[Entries taken from a collection]
Start of Block
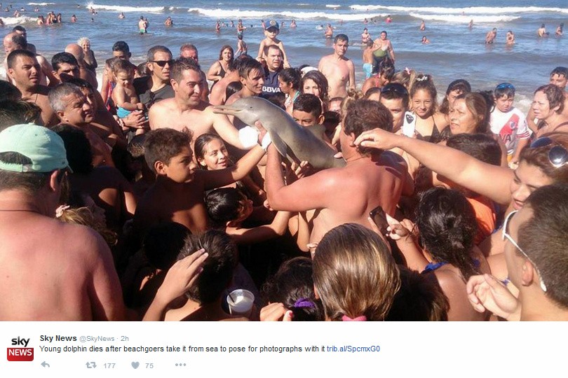 Na pláži v Argentíne zomrel mladý delfín, turisti si s ním robili selfie
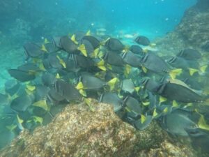 - Schools of parrot fish and surgeon fish
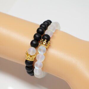 Stylish and meaningful, this bracelet duo is perfect for couples, best friends, or anyone who loves symbolic jewelry. Each bracelet features smooth matte black and frosted white beads with a gold-tone crown accent, representing a king and queen or yin and yang balance.
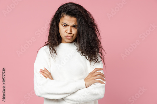 Young frowning displeased african american woman 20s curly hair in white knitted sweater look camera hold hands crossed folded isolated on pastel pink background studio portrait. Lifestyle concept.
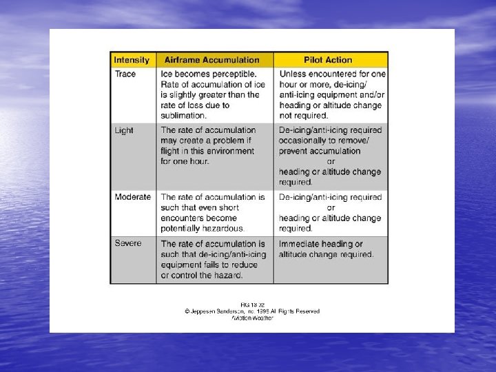 Ch 13 - Icing • Icing intensity – The severity of icing is determined by its operational effect on the aircraft. – Icing intensity is classified as trace, light, moderate and severe and is related to • rate of accumulation of ice on the aircraft • the effectiveness of available de-icing/anti-icing equipment • and the actions you must take to combat the accumulation of ice.
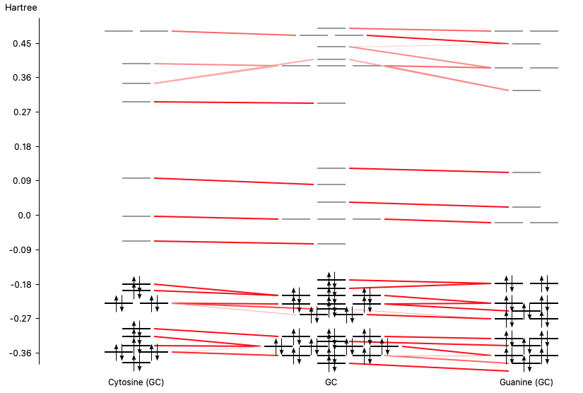 If you move the mouse over a level (orbital) of the Guanine-Cytosine DNA base pair one can find out more detailed information about the composition of the level in terms of the atomic orbitals.
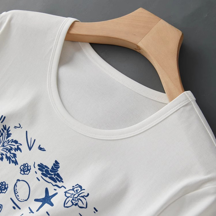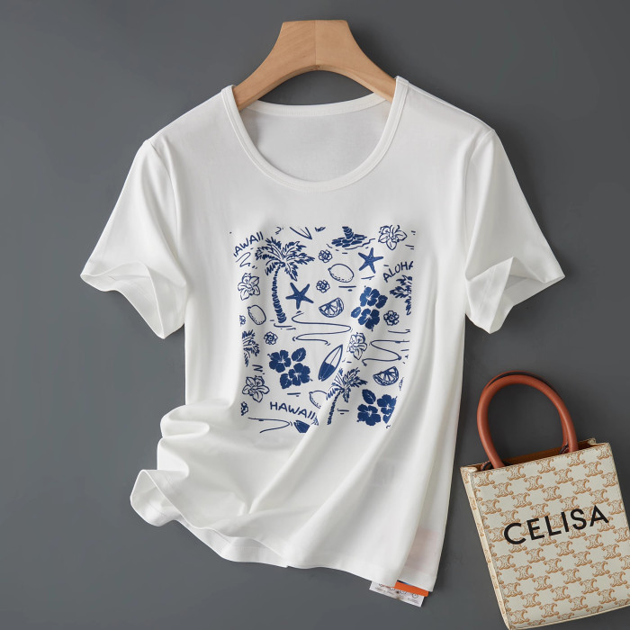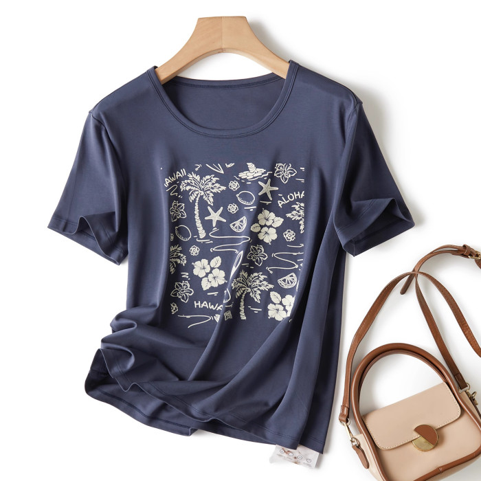 立體植絨花夏季輕薄透氣涼感穿搭短袖女t恤2025新款圓領正肩上衣
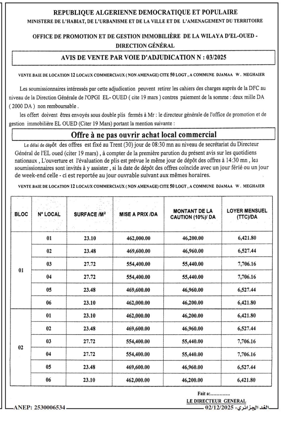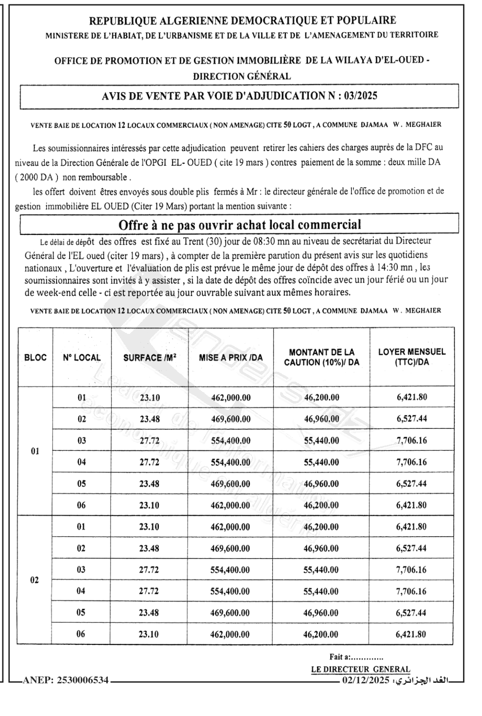 Montant de Retrait du Cahier des Charges : 2000.00 DA
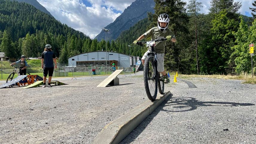 Die Kinder sind zwischen sechs und 13 Jahre alt. Während die älteren Jungs schon Sprünge üben, sind die teils jüngeren Mädchen in der Gruppe noch auf dem Platz vor dem Werkhof und lernen Slalom fahren, Hindernisse bewältigen und auf zwei Rädern ein schmales Brett zu überqueren. Auch sie sind konzentriert bei der Sache, wenn auch etwas leiser als Manuel und seine Kumpel. Es ist der erste Morgen des Camps und die Sonne scheint an einem fast wolkenlosen Himmel. Nach dem ersten Sicherheitscheck der Kindervelos und einer Vorstellungsrunde, geht es nun darum, auf spielerische Weise den sicheren Umgang mit dem Bike zu lernen. Wie bei der Skischule gibt es auch in der Bikeschule eine Art Fähigkeitszeugnis, den es zu erlangen gilt. In diesem Fall ist es der Velopass von Swiss Cycling mit verschiedenen Niveaus.
End of Block
_YOUR ASSIGNMENT_: Please give an exact printout of all the records, pictures aside.

_YOUR RESPONSE_:
 Na pláži v Argentíne zomrel mladý delfín, turisti si s ním robili selfie
 - Schools of parrot fish and surgeon fish
 Stylish and meaningful, this bracelet duo is perfect for couples, best friends, or anyone who loves symbolic jewelry. Each bracelet features smooth matte black and frosted white beads with a gold-tone crown accent, representing a king and queen or yin and yang balance.
 Young frowning displeased african american woman 20s curly hair in white knitted sweater look camera hold hands crossed folded isolated on pastel pink background studio portrait. Lifestyle concept.
 Ch 13 - Icing • Icing intensity – The severity of icing is determined by its operational effect on the aircraft. – Icing intensity is classified as trace, light, moderate and severe and is related to • rate of accumulation of ice on the aircraft • the effectiveness of available de-icing/anti-icing equipment • and the actions you must take to combat the accumulation of ice.
 If you move the mouse over a level (orbital) of the Guanine-Cytosine DNA base pair one can find out more detailed information about the composition of the level in terms of the atomic orbitals.
 立體植絨花夏季輕薄透氣涼感穿搭短袖女t恤2025新款圓領正肩上衣
 Montant de Retrait du Cahier des Charges : 2000.00 DA
 Die Kinder sind zwischen sechs und 13 Jahre alt. Während die älteren Jungs schon Sprünge üben, sind die teils jüngeren Mädchen in der Gruppe noch auf dem Platz vor dem Werkhof und lernen Slalom fahren, Hindernisse bewältigen und auf zwei Rädern ein schmales Brett zu überqueren. Auch sie sind konzentriert bei der Sache, wenn auch etwas leiser als Manuel und seine Kumpel. Es ist der erste Morgen des Camps und die Sonne scheint an einem fast wolkenlosen Himmel. Nach dem ersten Sicherheitscheck der Kindervelos und einer Vorstellungsrunde, geht es nun darum, auf spielerische Weise den sicheren Umgang mit dem Bike zu lernen. Wie bei der Skischule gibt es auch in der Bikeschule eine Art Fähigkeitszeugnis, den es zu erlangen gilt. In diesem Fall ist es der Velopass von Swiss Cycling mit verschiedenen Niveaus.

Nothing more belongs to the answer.